**RECORDS PROVIDED:**
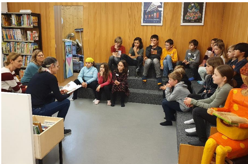
11. November: Schweizer Erzählnacht unter dem Motto „Verwandlung“
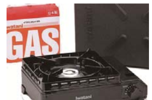
↑ カセットガスとコンロ ↓ 使い捨てマスク
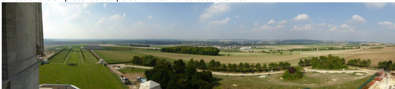
Le Mémorial de Villers-Bretonneux se situe à même le champ de bataille et domine la plaine jusqu'à l'horizon, jusqu'à Amiens.

Le 25 avril de chaque année, dès l'aube à 5h30, est célébré l'ANZAC-DAY rassemblant des milliers d'Australiens en présence des personnalités franco-australiennes.
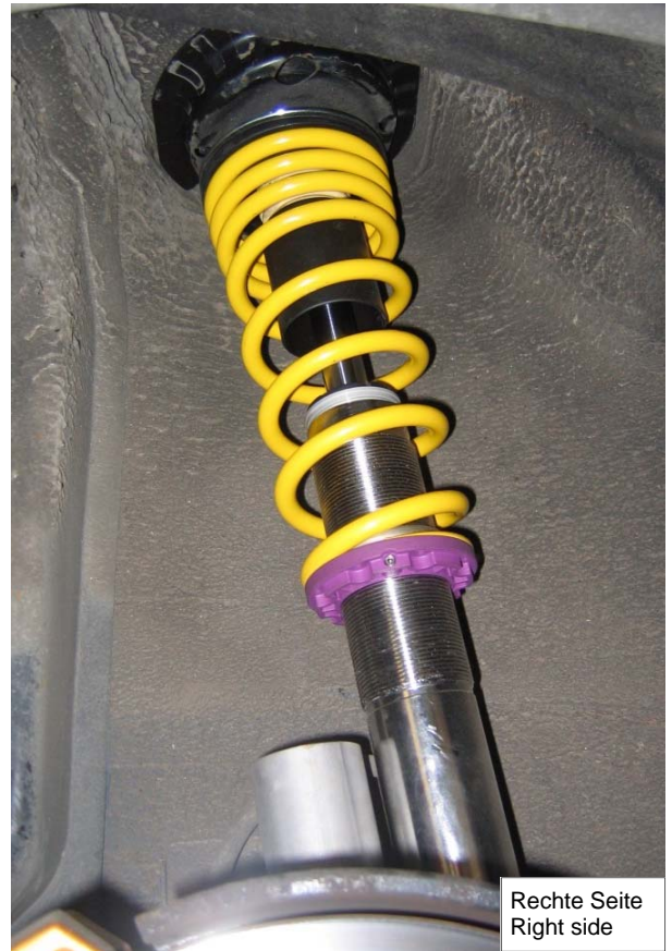
Rechte Seite Right side
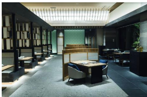
メインダイニング「六つ喜」

「六つ喜（むつき）」では、全国から厳選した旬の食材を使用した、会席料理をベースにした和食をお楽しみいただけます。夕食は、月わりの季節の前菜からはじまり、パティシエがつくる美しい水菓子など全8品で構成されます。メインは魚料理と肉料理、合わせて6種類の中から2品を選べるプリフィックススタイルでご提供します。朝食は、土鍋でふっくらと炊き上げた白米と、料理長がこだわり造りあげたごはんのお供をお召し上がりいただけます。
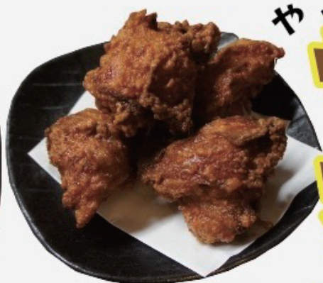
Deep fried chicken 自家製鶏ザンギ 580円税込638円
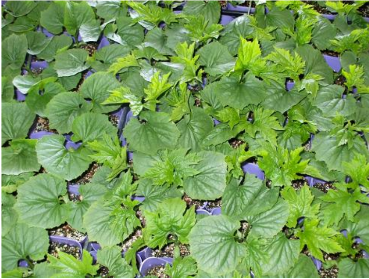
<栽培モニターにお渡ししたゴーヤの苗>

**WHAT YOU NEED TO DO:** Copy all the data exactly as written, but skip any picture.

**SOLUTION FOR THIS EXERCISE:**
11. November: Schweizer Erzählnacht unter dem Motto „Verwandlung“
↑ カセットガスとコンロ ↓ 使い捨てマスク
Le Mémorial de Villers-Bretonneux se situe à même le champ de bataille et domine la plaine jusqu'à l'horizon, jusqu'à Amiens.

Le 25 avril de chaque année, dès l'aube à 5h30, est célébré l'ANZAC-DAY rassemblant des milliers d'Australiens en présence des personnalités franco-australiennes.
Rechte Seite Right side
メインダイニング「六つ喜」

「六つ喜（むつき）」では、全国から厳選した旬の食材を使用した、会席料理をベースにした和食をお楽しみいただけます。夕食は、月わりの季節の前菜からはじまり、パティシエがつくる美しい水菓子など全8品で構成されます。メインは魚料理と肉料理、合わせて6種類の中から2品を選べるプリフィックススタイルでご提供します。朝食は、土鍋でふっくらと炊き上げた白米と、料理長がこだわり造りあげたごはんのお供をお召し上がりいただけます。
Deep fried chicken 自家製鶏ザンギ 580円税込638円
<栽培モニターにお渡ししたゴーヤの苗>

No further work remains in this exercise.